Prediction of Eco-Driving Efficiency Score Using Artificial Neural Networks


Yıldırım Ş., Savaş S., Bingöl M. S.

ABANT 6TH INTERNATIONAL CONFERENCE ON CURRENT SCIENTIFIC RESEARCHES, Bolu, Türkiye, 20 - 22 Şubat 2026, ss.75-84, (Tam Metin Bildiri)

  • Yayın Türü: Bildiri / Tam Metin Bildiri
  • Basıldığı Şehir: Bolu
  • Basıldığı Ülke: Türkiye
  • Sayfa Sayıları: ss.75-84
  • Erciyes Üniversitesi Adresli: Evet

Özet

In this study, an Artificial Neural Network (ANN) based prediction model was developed to evaluate eco-driving behaviors, which are critical in terms of environmental sustainability and fuel efficiency. Using the Eco-Driving Behavior Dataset, the overall eco-driving efficiency score of drivers was predicted. Five key features were used as input parameters in the study: rpm variation, harsh braking count, idling time, fuel consumption, and acceleration smoothness. The dataset was scaled to the [0, 1] range using the min-max normalization method and divided into three subsets: 70% training, 15% validation, and 15% testing. A multilayer feedforward ANN model with a 5-8-15-8-1 architecture was designed for the study. This architecture consists of five input neurons, three hidden layers (with 8, 15, and 8 neurons, respectively), and one output neuron. Three different algorithms were used to train the model: Levenberg-Marquardt, Scaled Conjugate Gradient, and Resilient Backpropagation. The Mean Square Error (MSE), Root Mean Square Error (RMSE), Mean Absolute Error (MAE), and Coefficient of Determination (R²) metrics were used for performance evaluation. Experimental results have shown that all three training algorithms provide high prediction accuracy.
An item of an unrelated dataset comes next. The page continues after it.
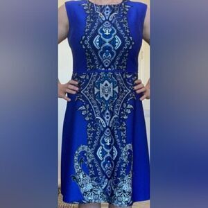 BRAND NEW STUDIO ONE VINTAGES PRINT DESIGN DRESS SIZE 6P COLOR ROYAL BLUE WITH WHITE &BLACK IN THE VINTAGES DESIGN SLEEVELESS ROUND NECKLINE INVISIBLE BACK ZIPPER CLOSURE ABOVE THE KNEE LENGTH MADE WITH 100%POLYESTER 4%SPANDEX LINING/ FORRO 100%POLYESTER THIS ITEMS IS BRAND NEW WITHOUT TAG CHECK THE PICTURES
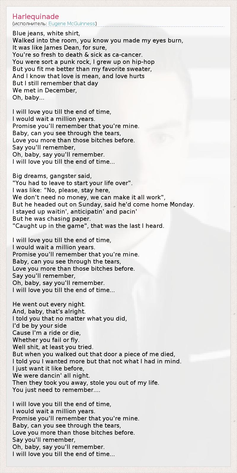 Blue jeans, white shirt, Walked into the room, you know you made my eyes burn, It was like James Dean, for sure, You're so fresh to death & sick as ca-cancer. You were sort a punk rock, I grew up on hip-hop But you fit me better than my favorite sweater, And I know that love is mean, and love hurts But I still remember that day We met in December, Oh, baby... I will love you till the end of time, I would wait a million years. Promise you'll remember that you're mine. Baby, can you see through the tears, Love you more than those bitches before. Say you'll remember, Оh, baby, say you'll remember. I will love you till the end of time... Big dreams, gangster said, "You had to leave to start your life over". I was like: "No, please, stay here, We don't need no money, we can make it all work", But he headed out on Sunday, said he'd come home Monday. I stayed up waitin', anticipatin' and pacin' But he was chasing paper. "Caught up in the game", that was the last I heard. I will love you till the end of time, I would wait a million years. Promise you'll remember that you're mine. Baby, can you see through the tears, Love you more than those bitches before. Say you'll remember, Oh, baby, say you'll remember. I will love you till the end of time... He went out every night. And, baby, that's alright. I told you that no matter what you did, I'd be by your side Cause I'm a ride or die, Whether you fail or fly. Well shit, at least you tried. But when you walked out that door a piece of me died, I told you I wanted more but that not what I had in mind. I just want it like before, We were dancin' all night. Then they took you away, stole you out of my life. You just need to remember.... I will love you till the end of time, I would wait a million years. Promise you'll remember that you're mine. Baby, can you see through the tears, Love you more than those bitches before. Say you'll remember, Oh, baby, say you'll remember. I will love you till the end of time...

Actual and predicted values were compared on 50 randomly selected samples from the test set, demonstrating that the model can successfully predict eco-driving scores. This study demonstrates that machine learning techniques can be used as an effective tool for analyzing driving behavior and evaluating eco-friendly driving habits. The developed model is applicable in intelligent transportation systems and driver feedback systems.